It was 1:18 in the morning when the Dallas City Council finally voted on the future of I.M. Pei’s City Hall. The special session had begun sixteen hours earlier with 76 speakers and a chamber so full they were staged in groups. The resolution to explore leaving the building passed 9-6, the word “pursuing” amended to “exploring.” “I’ve never seen such vehement opposition to gathering more information,” Mayor Eric Johnson said in closing, “when we’re not even being asked to decide a thing.”

What the sixteen hours produced was a civic reckoning, voice by voice. Michael Amonette, third-generation Oak Cliff native and Bishop Arts investor, called the plaza something developers always misread. “A plaza is not an empty space,” he said. “It is a civic space.

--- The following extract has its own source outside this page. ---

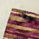 Brosses bordeaux et or et serviette monogram Beach. Ce magnifique design présente des coups de pinceau en bordeaux, or et confettis.

It’s where a city sees itself.” Architect Jessica Stewart recalled marching to this building during the 2017 mega march for immigrant families. “This plaza received us,” she said. “It gave us context for our power as citizens.”

Council Member Paula Blackmon bemoaned the fact that the city spent two years debating trash pickup and five years on a police training center. “It took five months to change that broken clock in our break room,” she said. “But this decision, we are expecting to make in six months.”

At hour fifteen, Council Member Adam Bazaldua held up a crayon drawing from a four-and-a-half-year-old boy whose mother, father, and grandfather all worked at City Hall. It read: “Dear Bas, don’t destroy City Hall. I’m sure going to miss it.” Over 90% of constituents he’d heard from, Bazaldua said, shared the sentiment. “This process has been very telling,” he said. “And it’s far from over.”